Try it - Please give back each line of the material unchanged, but without the images.

*** Opening of Material provided ***

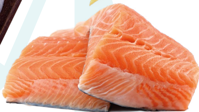
SALMÓN EN PORCIONES 100/150 NEW CONCISA - 6X1
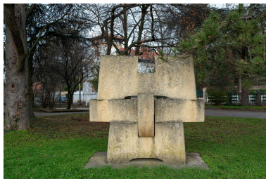
Vue de face. IVR84_20216900225NUCA
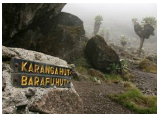
Barranco Hut (3 800 m) ▼ - ☉ 7h Barafu Hut (4 600 m) ▼
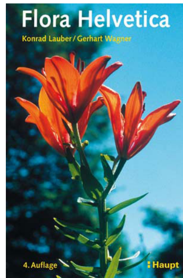
4. Auflage 2007

*** Close of Material provided ***

Task output -
SALMÓN EN PORCIONES 100/150 NEW CONCISA - 6X1
Vue de face. IVR84_20216900225NUCA
Barranco Hut (3 800 m) ▼ - ☉ 7h Barafu Hut (4 600 m) ▼
4. Auflage 2007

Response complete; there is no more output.